Lakshan Perera

Building Real-time web apps with Rails3

On deciding the web framework to build Realie, one of the main considerations was should I move to a totally asynchronous framework? Most established web frameworks, including my favorite Rails is built in a synchronous manner and follows a call-stack based model. Real-time web apps needs to be asynchronous. Evented programming model ideally suits to this.

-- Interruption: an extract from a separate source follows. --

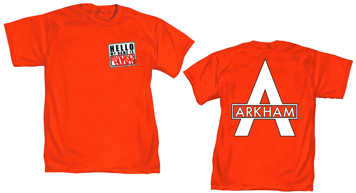 The Dark Knight shows us the skeletons in his closet with these three great new shirt designs. Bat-Zombie depicts the lean and mean Batman as depicted by Neal Adams. Joker: Bats featuring art by Jock, shows what happens when you have a bad case of Batman-on-your-mind. Both are imprinted on black 100% cotton heavyweight shirts. Last but not least, we have the special Arkham Asylum: My Name is... T-Shirt. Screenprinted on both front and back, this shirt is another addition to our illustrious line of fine Arkham apparel.

Since there were lot of hype around Node.js based async web frameworks in last couple of months, my initial idea was also to use such framework for my project. However, that felt as a totally new learning curve. Apart from grasping how to use JavaScript in server-side, it also meant I need to adopt to a totally new eco-system for templating, routing, etc.

However, when I revisit my requirement it was clear only a part of the web app really needs to be asynchronous. Most parts can still be done with a traditional call stack based web framework. Using a fully async. web framework to build an entire app seems to be useless. Also, it felt an overkill to run two different apps to serve sync and async stuff.

In this context, I came to know about Cramp, a Ruby asynchronous framework written by Pratik Naik. Best thing about Cramp is capability of using Rack middlewares (keep in mind not fully Rack compliant). Then came the option how about using Rails and Cramp together to build a hybrid of real-time web app. With Rails3, it makes it so easy to mix any other Rack endpoint with Rails. So this sounded a perfect solution to my problem.

Since, Cramp follows evented model it needs an evented web server such as Thin or Rainbows!. Further, Cramp has implemented websockets support for these two server backends.

Integrating Rails3 and Cramp

First of all, you will need to bundle Cramp gem, with your Rails app. For this, open the Gemfile and add the following:

    gem "cramp", :require => 'cramp/controller'

For my work I only needed the Cramp controller (it has also got an async model) so for now I only required it.

As I mentioned earlier, to support web sockets, cramp needs to extend the web server we use. To specify the web server, I added an initializer (config/initializers/cramp_server.rb) with the following line :

    Cramp::Controller::Websocket.backend = :thin

Then, I created a simple Cramp controller, which can respond to web sockets (app/cramps/communications_controller.rb)

    class CommunicationsController < Cramp::Controller::Websocket
        periodic_timer :send_hello_world, :every => 2
        on_data :received_data

        def received_data(data)
            if data =~ /stop/
                render "You stopped the process"
                render "Got your #{data}"

        def send_hello_world
            render "Hello from the Server!"

Now the fun part! The new Rails3 router supports pointing to any Rack compatible endpoint, so we can easily hook our cramp controller for public access. In config/routes.rb add the following:

  match "/communicate", :to => CommunicationsController

Our Cramp endpoint can co-exist with rest of the Rails controllers without any issues.


Another important change with Rails3 is its also a fully compatible Rack app now. This means as any other Rack app, we can also start our Rails app by running rackup.

    rackup -s thin -p 3000 --env production

This will start our app using Thin server backend on port 3000. Keep in mind, we need to provide an environment other than development, to avoid Rack Lint middleware. This is because Cramp is not a fully compatible with Rack SPEC and it will throw exceptions.